WATCH: The Govt Copped A Skewering On Welfare Cuts On Q&A Last Night

The Government is doing its best right now to justify its latest big piece of policy: a large-scale, data-driven crackdown on welfare dependency led by Social Services Minister Christian Porter

It’s pitched as a way to break people out of welfare dependency cycles by leading them into work, but the mechanism by which it functions is pretty similar to basically all other examples of welfare reform across the globe – that is, making welfare harder to access. Porter faced up to Q&A last night, and was forced to answer questions from those who might slip through the cracks under his proposed system.
The panel took a question from Rose Cox, 16, who cares for her wheelchair-bound mother on a meagre carer’s stipend of $8 a day. She asked Porter how a blanket reform policy might impact someone like her.

She said:
I’m 16, I’ve started Year 12. At 44 my mum was wheelchair-dependent after a year in hospital with a rare neurological illness. My dad became unwell then, resulting in my becoming at the age of 8 a young carer for my younger sister and family. After 26 years of marriage our family unit broke down four years ago, leaving my sister, now 11, and I alone with our mum. We provide some sort of care every day, every day and night for 24/7; care includes things like blocked catheters, which are a medical emergency and accidents at night, hydrotherapy and household tasks. I didn’t ask for this role, I landed in it at a very young age. My young care allowance is $8 a day […] How will changes to payments and a blanket policy understand the very unique and often stressful experiences of young carers like myself and my sister?

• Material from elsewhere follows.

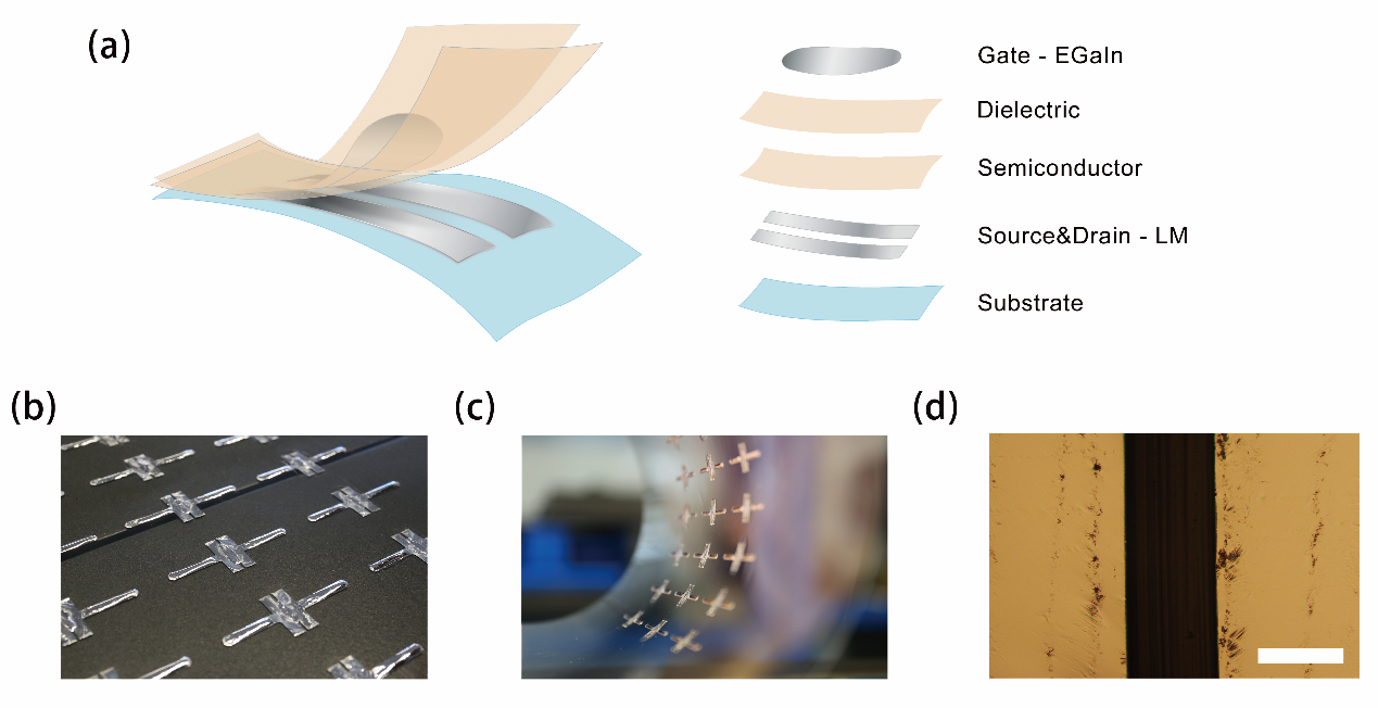近年来引发国际广泛重视的液态金属印刷电子学为此提供了诸多可能,新型功能材料-液态金属是在常温常压下保持液态的一类合金,具有许多常规材料不易拥有的独特属性,蕴藏着诸多以往从未被认识的新奇物理特性。当前围绕室温液态金属的基础及应用研究已成为国际热门的重大HTH官网地址 前沿,正为电子信息、高新能源、先进制造、国防军事以及生物医疗健康技术等领域的发展带来颠覆性变革,并开辟出多个十分重要的新兴方向。液态金属具有优异的导电性及稳定性,相应电子器件可以直接打印并应用于各种非常规及柔性基板上,不仅克服了传统电子器件制作工艺复杂、成本昂贵、要求苛刻、缺乏柔性等弊端,而且能有效发挥柔性器件可弯曲、拉伸、折叠,且轻量化、大面积、个性化、低成本制造电子器件等方面的优势。因此液态金属电子器件被认为是柔性全打印集成电路的最有前途及巨大潜力的候选者,必将引领和推进柔性功能器件领域的重大进展。然而,要发展真正基于液态金属的高性能柔性印刷集成电路,首先应在柔性基板上实现基于液态金属与半导体相结合的薄膜晶体管(TFT)单元器件。

Porter’s response was the standard policy line: there are a range of different stories within the welfare system and they’ll all be addressed by the firm hand of Big Data, etc etc. Tony Jones asked him specifically: will the reforms mean someone like Cox will have more money, or less money?

He didn’t quite have an answer. Fellow panellist Eva Cox dismissed the notion that a support program for someone like Rose would ever survive long before being cut by a future government looking for savings.
Porter eventually replied. “We have information available to us that has never been before government in the way that it is now,” he said. “And what it allows us to do is to track programs along. One thing, Rose, is we can’t leave things as they are.”

So that’s the line on welfare: the data will save us. If the computer deigns you unworthy, the data is there to prove that was always the case.
Porter also copped a question from a 60-year-old pensioner who wondered about the fairness of being denied a disability pension and asked to retrain for work when there are younger, able-bodied people on welfare who could do the work instead. Another questioner asked about the wait-for-the-dole scheme, and wondered whether people might slip through the cracks.

Overall, it’s looking like a real tough sell, hey?
Source: Q&A.
Photo: Q&A.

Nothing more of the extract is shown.